Das grosse Weibliche in der Unterwelt
Die Erschaffung der Welt aus der getöteten Mutter
Doch nun erzählen bereits die ersten Überlieferungen, dass das grosse Weibliche in die Unterwelt geraten ist. In der sumerischen Schöpfungsgeschichte wird erwähnt, dass die Göttin des Himmels («Jungfrau«) zur «Herrscherin der Unterwelt» wurde. Babylon hat daraus einen männlichen Siegermythos gemacht, in welchem der höchste Gott die Jungfrau des Lebens, die zum zornigen Drachen der Meere geworden war, ermordete, zerstückelte und aus ihr die Welt schuf, so wie sie noch heute ist. (S. Marduk und die Erschaffung der Welt aus der ermordeten Mutter).

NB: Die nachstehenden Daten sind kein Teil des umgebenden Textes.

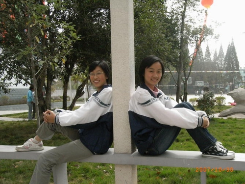 丹妮(左一)和同學背靠背,看!我們也是品牌!

Von der Göttin des Himmels zur Herrin der Unterwelt
So wurde die Grosse Mutter zur Herrscherin der Unterwelt, zur Herrin über Leben und Tod, Lebenskraft in der Materie, zu Naturgewalten und zur Schicksalsgottheit, die über Recht und Unrecht entscheidet und jedem Menschen gibt, was er verdient.

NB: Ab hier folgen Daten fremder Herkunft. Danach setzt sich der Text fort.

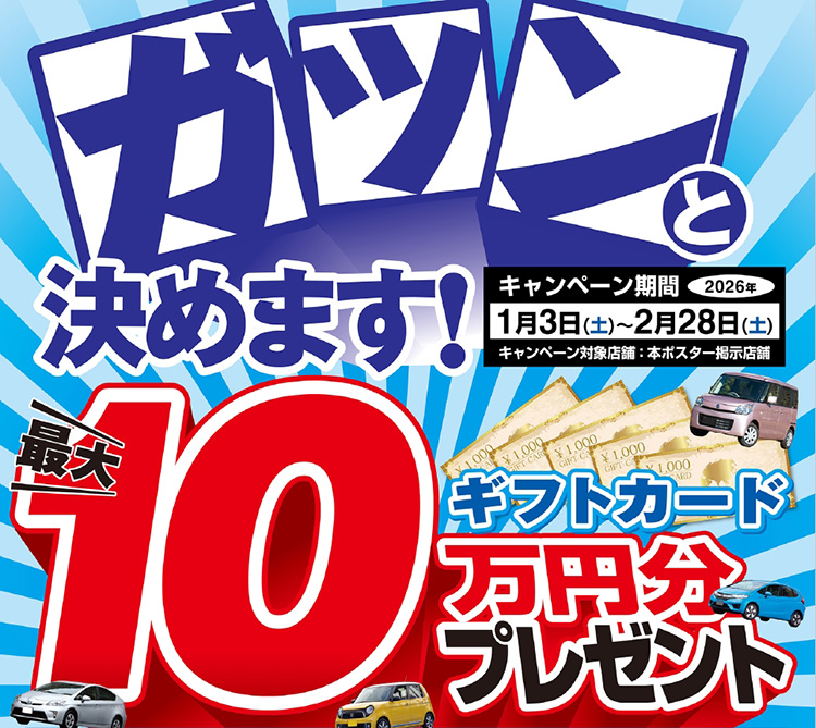 クルマを買っていただいた方に最大10万円分のギフトカードプレゼント – 2026年2月・3月 オートバックスでのクルマ購入がお得!

Die Unterwelt und das Reich der Toten
Die Unterwelt symbolisiert auch das Reich der Schatten und des Todes. Die sumerische Überlieferung erzählt weiter, dass die (Göttin der) Liebe in der Unterwelt (durch Negativität) getötet wurde. Dies entspricht den Erzählungen in Märchen, in denen die «gute Königin» (Liebe, Hingabe) durch die «böse Königin» (Stolz, Macht) ersetzt wird.
Trennung und Verurteilung im Schatten: das Ego
Die tiefere gemeinsame Bedeutung dieser Überlieferungen ist, dass die ursprünglich «unschuldige» Existenz des Menschen, geborgen in der Liebe, von Macht und Negativität (Unbewusstheit) durchsetzt worden ist. Damit ist der Mensch auch in Unfreiheit geraten, denn im Schatten herrscht der dunkle Herrscher, das Ego mittels der Triebe (zu denen auch negative Emotionen gehören) und Verurteilung (in der sumerischen Überlieferung wird diese Energie «die Richter der Unterwelt» genannt).
Dies ist der geistige Tod des Menschen, der doch in Wahrheit dazu berufen ist, selbstwirksam und kreativ im eigenen Leben zu stehen.